- [Dataset entries]
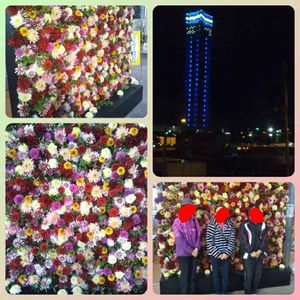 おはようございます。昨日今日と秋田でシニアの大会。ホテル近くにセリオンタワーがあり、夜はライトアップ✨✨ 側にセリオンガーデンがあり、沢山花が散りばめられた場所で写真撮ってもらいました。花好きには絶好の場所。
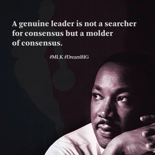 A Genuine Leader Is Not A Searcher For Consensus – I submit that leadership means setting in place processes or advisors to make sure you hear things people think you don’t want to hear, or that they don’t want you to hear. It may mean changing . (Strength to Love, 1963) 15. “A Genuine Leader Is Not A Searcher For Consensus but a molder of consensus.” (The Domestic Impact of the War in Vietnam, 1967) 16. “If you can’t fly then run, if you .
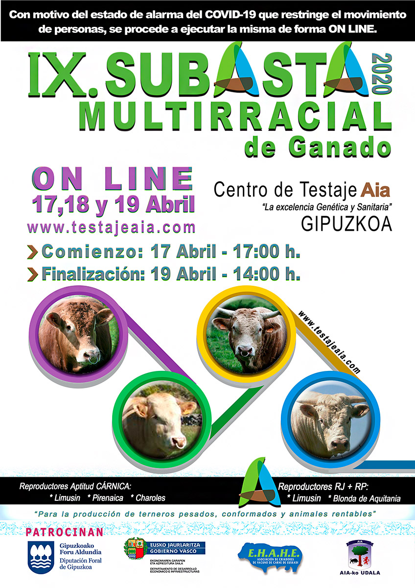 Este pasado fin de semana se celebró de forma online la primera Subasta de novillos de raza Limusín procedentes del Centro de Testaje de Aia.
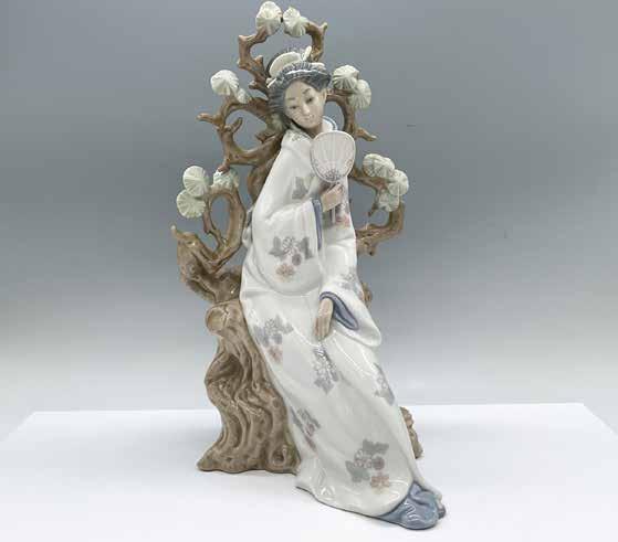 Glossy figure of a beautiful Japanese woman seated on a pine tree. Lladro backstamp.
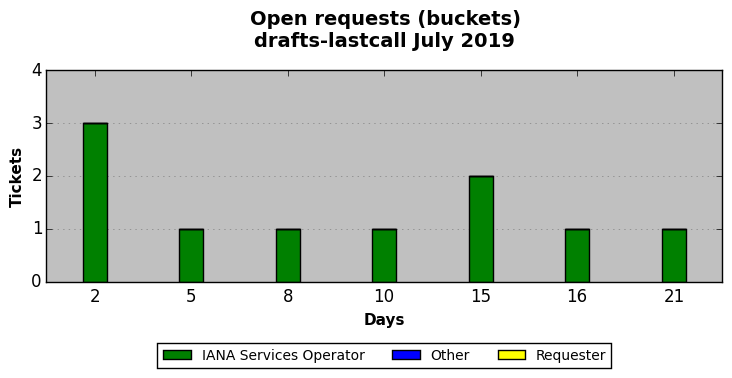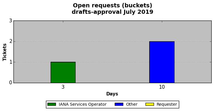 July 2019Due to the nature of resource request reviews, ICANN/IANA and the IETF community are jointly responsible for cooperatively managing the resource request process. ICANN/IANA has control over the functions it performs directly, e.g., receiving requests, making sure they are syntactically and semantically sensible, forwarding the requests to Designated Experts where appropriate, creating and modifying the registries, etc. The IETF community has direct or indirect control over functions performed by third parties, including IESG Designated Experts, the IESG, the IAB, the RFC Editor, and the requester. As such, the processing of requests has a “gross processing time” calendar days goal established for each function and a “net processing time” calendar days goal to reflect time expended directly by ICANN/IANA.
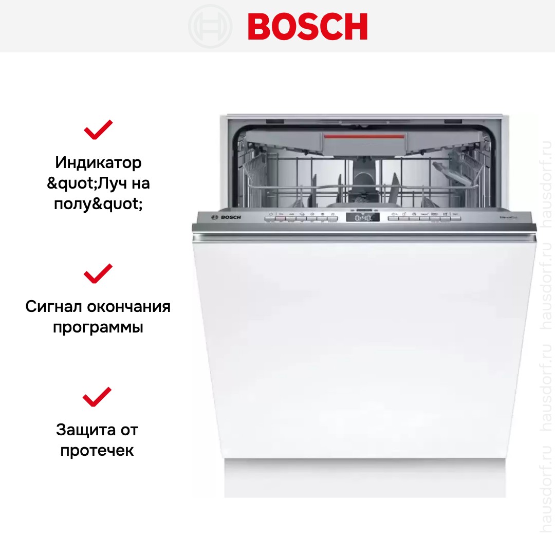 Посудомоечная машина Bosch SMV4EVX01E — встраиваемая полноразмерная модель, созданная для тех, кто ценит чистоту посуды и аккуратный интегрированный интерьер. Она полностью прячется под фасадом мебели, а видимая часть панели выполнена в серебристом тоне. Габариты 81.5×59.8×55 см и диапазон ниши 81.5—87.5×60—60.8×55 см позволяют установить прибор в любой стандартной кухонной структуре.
...
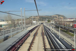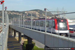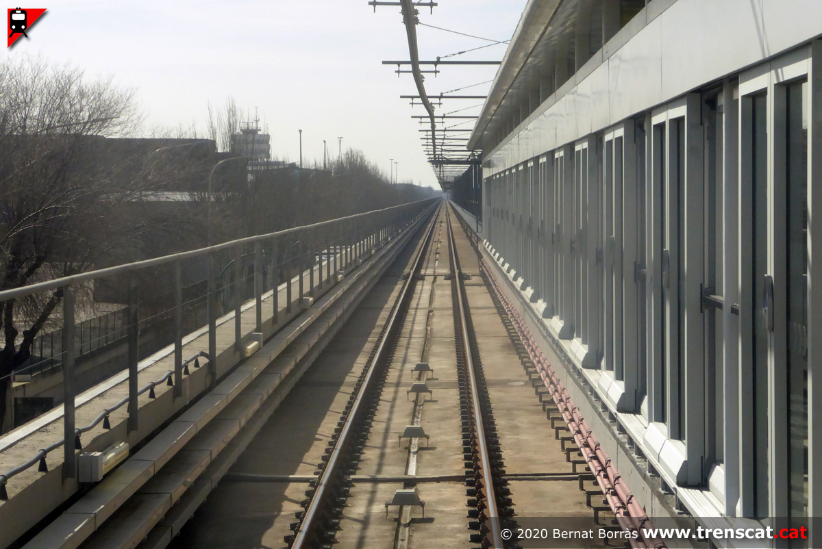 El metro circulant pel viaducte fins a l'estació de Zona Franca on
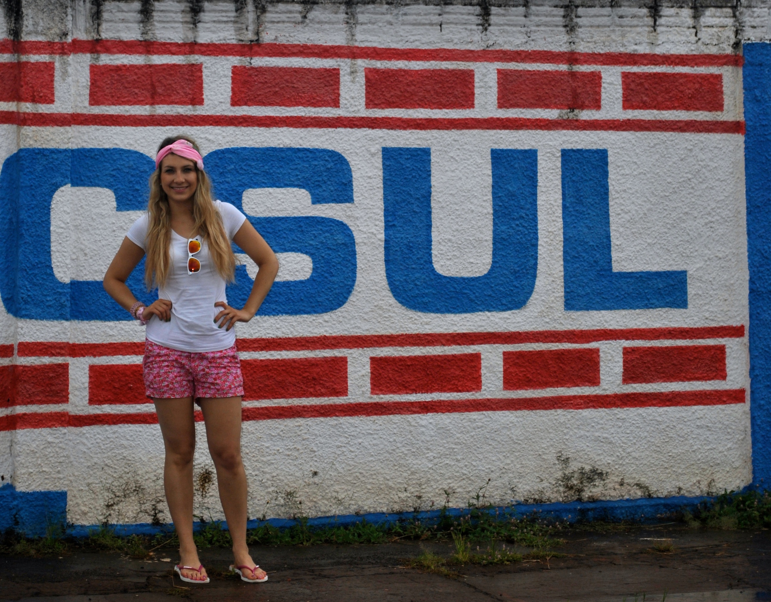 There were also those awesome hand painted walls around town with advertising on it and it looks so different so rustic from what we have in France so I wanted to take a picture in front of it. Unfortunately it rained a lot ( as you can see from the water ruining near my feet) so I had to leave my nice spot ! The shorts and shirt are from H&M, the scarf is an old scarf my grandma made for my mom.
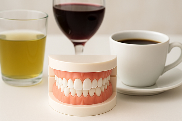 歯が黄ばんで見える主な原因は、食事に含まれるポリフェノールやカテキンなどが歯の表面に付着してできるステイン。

- [Your instructions]
Leave out the images and write out the lines above exactly, from the one with "A Genuine Leader Is Not A Searcher For Consensus –" up to and including the one with "Посудомоечная машина Bosch".

- [Solution below]
 A Genuine Leader Is Not A Searcher For Consensus – I submit that leadership means setting in place processes or advisors to make sure you hear things people think you don’t want to hear, or that they don’t want you to hear. It may mean changing . (Strength to Love, 1963) 15. “A Genuine Leader Is Not A Searcher For Consensus but a molder of consensus.” (The Domestic Impact of the War in Vietnam, 1967) 16. “If you can’t fly then run, if you .
 Este pasado fin de semana se celebró de forma online la primera Subasta de novillos de raza Limusín procedentes del Centro de Testaje de Aia.
 Glossy figure of a beautiful Japanese woman seated on a pine tree. Lladro backstamp.
 July 2019Due to the nature of resource request reviews, ICANN/IANA and the IETF community are jointly responsible for cooperatively managing the resource request process. ICANN/IANA has control over the functions it performs directly, e.g., receiving requests, making sure they are syntactically and semantically sensible, forwarding the requests to Designated Experts where appropriate, creating and modifying the registries, etc. The IETF community has direct or indirect control over functions performed by third parties, including IESG Designated Experts, the IESG, the IAB, the RFC Editor, and the requester. As such, the processing of requests has a “gross processing time” calendar days goal established for each function and a “net processing time” calendar days goal to reflect time expended directly by ICANN/IANA.
 Посудомоечная машина Bosch SMV4EVX01E — встраиваемая полноразмерная модель, созданная для тех, кто ценит чистоту посуды и аккуратный интегрированный интерьер. Она полностью прячется под фасадом мебели, а видимая часть панели выполнена в серебристом тоне. Габариты 81.5×59.8×55 см и диапазон ниши 81.5—87.5×60—60.8×55 см позволяют установить прибор в любой стандартной кухонной структуре.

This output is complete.